Chaos Esports Club
- Short name: Chaos E.C.
- Sports: Counter-Strike: Global Offensive; Fortnite Battle Royale; Rocket League; Tom Clancy's Rainbow Six Siege; Dota 2; Apex Legends;
- Founded: 2015
- Folded: 2021
- Location: United States
- CEO: Greg Laird
- Website: chaos.ec

= Chaos Esports Club =

American esports organization

Chaos Esports Club is an American esports organization. Originally founded as Digital Chaos in 2015, the organization is best known for their Dota 2 team's Cinderella run at The International 2016 tournament, where they finished as the runner-up.

In April 2017, the organization announced the departure of founding member and owner Shannon "SUNSfan" Scotten. The following year, they expanded into other games, such as PlayerUnknown's Battlegrounds, Tom Clancy's Rainbow Six Siege, and Counter-Strike: Global Offensive.
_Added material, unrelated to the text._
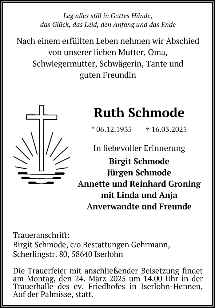 Hier finden Sie alle Traueranzeigen aus der Zeitung, die bisher für Ruth Schmode erschienen sind. Weitere Traueranzeigen, die in der Zeitung erscheinen, werden hier ebenfalls aufgelistet
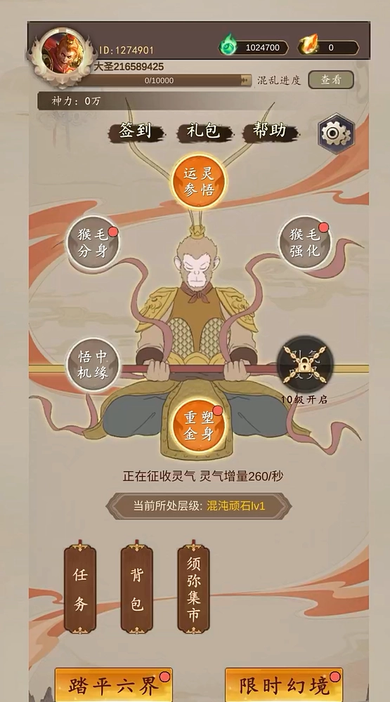4.金身重塑:通过完成各类任务和挑战,搜集资源,提升大圣本体等级。每个修炼阶段都充满挑战与机遇,玩家将体验到逐步强大的过程。

Around the same time, the organization rebranded itself from Digital Chaos to Chaos Esports Club.

== Tom Clancy's Rainbow Six Siege ==
On March 6, 2018, Digital Chaos signed a team for tactical first-person shooter Tom Clancy's Rainbow Six Siege by signing organization-less European team, The Swedes. The original roster consisted of Christoffer "Kripps" Brushane, Rasmus "REDGROOVE" Larsson, Mattias Johannes "Renuilz" Nordebäck, Rickard "Secretly" Olofsson, and Lars Malte "sno0ken" Ekström.

The team performed badly in Pro League Season 10 and Kripps left and later retired towards the end of the season. On November 1, Chaos signed Pro League and World champion, Ville "SHA77E" Palola, after GiFu was relegated to Challenger League.